Я требую, чтобы речь истинного героя, являющаяся живым выражением великой души и вызываемая непосредственным, волнующим ее в данный момент чувством, никогда не была бы ни слишком краткой, ни слишком пространной и, подобно хорошо сидящему платью, позволяла бы постоянно угадывать характер говорящего. Я требую, чтобы тот, кто осмеливается влагать в уста героев возвышенные речи, сам обладал бы возвышенной душой и, превращаясь благодаря вдохновению в своего героя, чувствовал в своем сердце все то, что влагает ему в уста. Я требую…
– Ах, господин Демокрит, – воскликнули абдериты, которые уже не могли более сдержаться. – Вы можете требовать всего, что вам угодно, поскольку вы человек требовательный, но в Абдере удовлетворяются и гораздо меньшим. Мы довольны, если поэт нас трогает.
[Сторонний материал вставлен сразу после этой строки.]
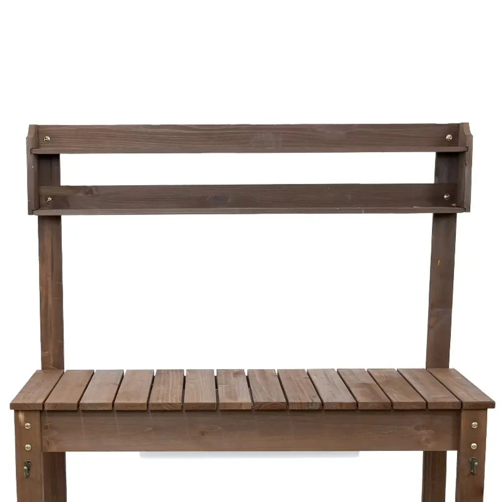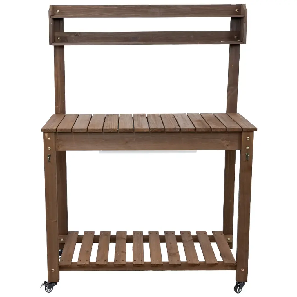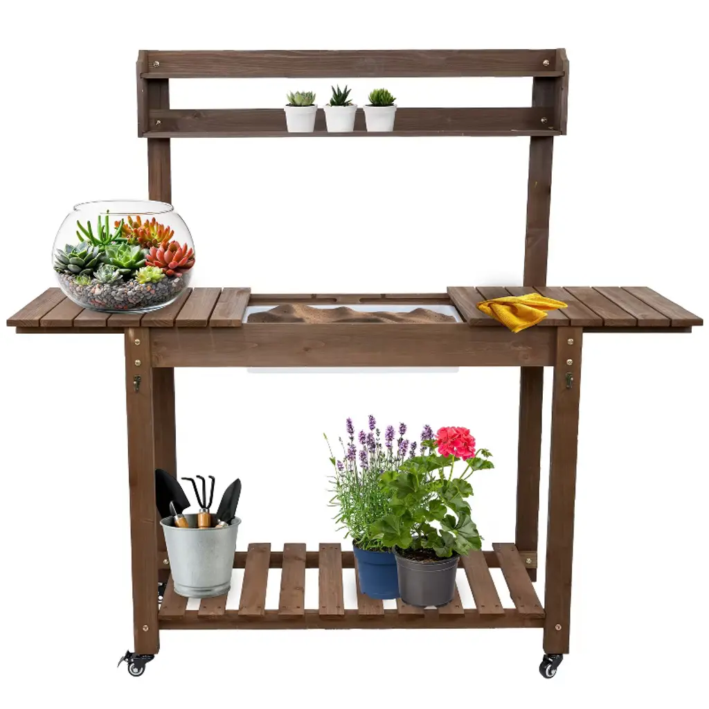 This fir wood planting table combines practicality and durability, making gardening tasks more efficient and organized. The sliding tabletop design provides a spacious work surface and reveals a polyethylene dry sink, which is useful for potting plants, rinsing tools, or mixing soil with ease. Crafted from sturdy fir wood with a stained finish, the outdoor garden table offers both strength and a natural aesthetic that complements any garden, patio, or greenhouse. The removable 360-degree rotating wheels allow for effortless mobility, making it easy to move the bench as needed. Built-in hooks provide a convenient place to keep frequently used gardening tools within reach, reducing clutter and maximizing efficiency. A lower storage shelf adds additional space for pots, soil, and other essentials. Whether used for planting, organizing supplies, or preparing seedlings, this versatile potting bench is a valuable addition to any outdoor or gardening space, offering both functionality and charm.• CONVENIENT DESIGN: Measuring 39.25" W (58.25" W when fully extended) x 18.25" D x 55" H (52.75" H without the caster wheels attached), this gardening table provides ample workspace without taking up too much room. The table height is 32.75" H (30.5" H without the caster wheels). The wide tabletop offers plenty of space for potting plants and organizing gardening supplies, while two small 34" W x 3.75" D upper shelves keep smaller tools, seeds, or decorative items within easy reach.• BUILT TO LAST OUTDOORS: Crafted from solid fir wood with a protective brown stain finish, this gardening bench is designed for durability and longevity in outdoor settings. The table and bottom shelf weight capacities are 100 lbs each, the small upper shelves are 5 lbs each. The sturdy construction provides a stable workspace for potting and organizing gardening essentials, while the polyethylene dry sink (20.5" W x 14.5" D x 4" H) resists moisture and is easy to clean.• ALL HARDWARE INCLUDED: This outdoor potting bench includes the hardware, 2 garden tool hooks, casters, and wood pieces needed to assemble the potting table, ensuring nothing is missing for a full setup. A crosshead screwdriver and a 10mm wrench (not included) are required for construction, allowing for a secure and sturdy final build.• FLEXIBLE MOBILITY AND STABILITY: Designed for versatility, this greenhouse table includes two locking casters and two non-locking casters, making it easy to move between work areas and secure in place when needed. For those who prefer a stationary setup, the casters can be left off entirely, allowing the bench to remain firmly in one spot.• WORRY-FREE PURCHASING: Sunnydaze Decor backs its products with a 1-year manufacturer's warranty.

Человек, заставляющий нас смеяться или плакать, в наших глазах – человек божественный, какими бы он средствами этого ни достигал. Это его дело, а не наше! Гипербол нравится нам, трогает нас, смешит нас. И пусть он порой вызывает у нас зевоту, он все равно остается великим поэтом. Какие вам еще нужны доказательства?
– Негры на Золотом берегу, – сказал Демокрит, – пляшут неистово под грохот простого барабана и бряцающих побрякушек. Если вы им дадите пару бубенчиков и волынку впридачу, то им покажется, что они в раю. Уж так ли много остроумия требовалось вашей няньке, чтобы растрогать вас своими рассказами, когда вы были еще детьми? Глупейшая сказка, которую бормотали жалобным тоном, была уже достаточна, чтобы тронуть вас. Но разве из Этого следует, что музыка негров превосходна или же сказка няньки – великолепное произведение?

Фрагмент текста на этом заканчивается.